Icahn School of Medicine at Mount Sinai authors of the study included, from left: Ron Do, PhD, Assistant Professor, Genetics and Genomic Sciences; Girish Nadkarni, MD, Assistant Professor of Medicine (Nephrology); and Kumardeep Chaudhary, PhD, Senior Postdoctoral Fellow, Genetics and Genomic Sciences. Dr. Nadkarni and Dr. Do are Co-Directors of the BioMe Phenomics Center.
A genetic variation that is prevalent in people of African or Hispanic/Latino ancestry was significantly associated with heart failure in a study by researchers at the Icahn School of Medicine at Mount Sinai and the Perelman School of Medicine at the University of Pennsylvania. The study, published in December 2019 in JAMA: The Journal of the American Medical Association, found underdiagnosis of affected patients and made a strong argument for wider genetic screening of the potentially deadly mutation, researchers say.
The team reported a significant association between the variation, TTR V142I, and a serious heart disorder, hereditary transthyretin amyloid cardiomyopathy (hATTR-CM). The TTR V142I gene variant, previously known as TTR V122I, causes the liver to produce misformed molecules of the transthyretin protein. The protein forms clusters, called amyloids, that can deposit in tissues throughout the body, including the nerves, kidneys, and joints. When amyloids lodge in the heart, they cause hATTR-CM, in which the walls of the heart become thicker and stiffer—in the worst case leading to heart failure.
“Using clinical data linked to the genetic data at the BioMe™ Biobank of Mount Sinai, we found that up to 4 percent of African-Americans and 1 percent of Hispanic/Latino Americans carried this mutation,” says a corresponding author of the study, Girish Nadkarni, MD, Assistant Professor of Medicine (Nephrology), and Co-Director of the BioMe Phenomics Center in The Charles Bronfman Institute for Personalized Medicine, Icahn School of Medicine. “They had a higher risk of heart failure compared to people who didn’t have this mutation, but strikingly, very few of them had been appropriately diagnosed.”
Patient Wilbert Gibson with Sumeet S. Mitter, MD, left, and Donna M. Mancini, MD, Professor of Medicine (Cardiology), and Population Health Science and Policy.
The association of the TTR V142I variant with the clinical diagnosis of heart failure was evaluated in 9,694 individuals of African and Hispanic/Latino ancestry, using health records linked to genetic data from the BioMe Biobank and the Penn Medicine Biobank. Among carriers of the TTR V142I variant, the rate of diagnosis with hATTR-CM was assessed. The findings indicated both high rates of underdiagnosis and prolonged time to the appropriate diagnosis, says senior author Ron Do, PhD, Assistant Professor of Genetics and Genomic Sciences, and Co-Director of the BioMe Phenomics Center. Only 11 percent of individuals with the genetic variant and heart failure had been diagnosed with hATTR-CM, with an average time to appropriate diagnosis of three years.

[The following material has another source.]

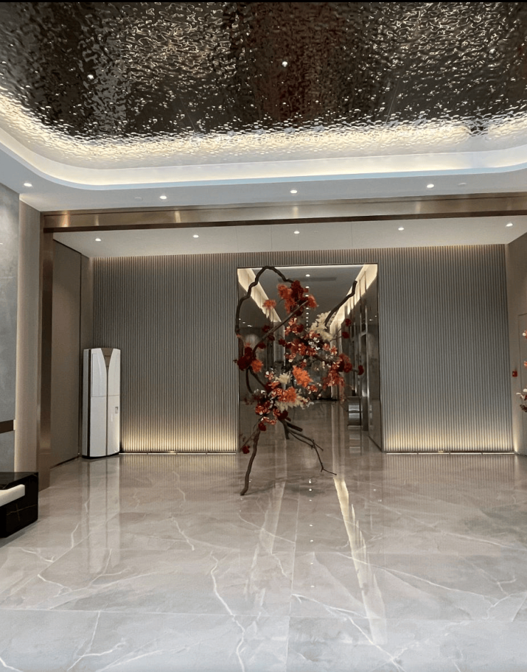 入户大堂做了挑高,顶部做了blingbling的弧形顶面。三面墙体都做了腰线装饰,用金属材料包边,增强了品质。大堂有陈设艺术装置和绿植,现代格调。

“Our hope is if we can find individuals with amyloid cardiomyopathy early through genetic screening, we can start them on therapy before a heart transplant becomes the only clinical solution,” says Sumeet S. Mitter, MD, Assistant Professor of Medicine (Cardiology), and a leader of the multidisciplinary Clinical Amyloid Program at the Icahn School of Medicine. “Early diagnosis is even more important, given recent advances in treatment for hATTR-CM.” Treatment was limited to supportive care until May 2019, when the U.S. Food and Drug Administration approved the breakthrough drug tafamidis, made by Pfizer. However, timely diagnosis is critical, since the therapy stops amyloids from depositing in tissues, but does not reverse the course of the disorder.
The experience of a Mount Sinai patient, Wilbert Gibson, is emblematic. Mr. Gibson, 63, began having worrisome symptoms in early 2019. “My weight shot up from about 170 to nearly 200 pounds.” he says. “My legs were swelling; I was having shortness of breath.” Mr. Gibson was diagnosed with cardiac amyloidosis and found to have the TTR V142I mutation. His heart failure was so advanced that he required a transplant. He received a new heart in June 2019 and says he feels restored and grateful. However, he echoes clinicians and researchers in calling for more awareness of the gene variant, its prevalence in some populations, and its association with heart failure. “People should know about this,” Mr. Gibson says.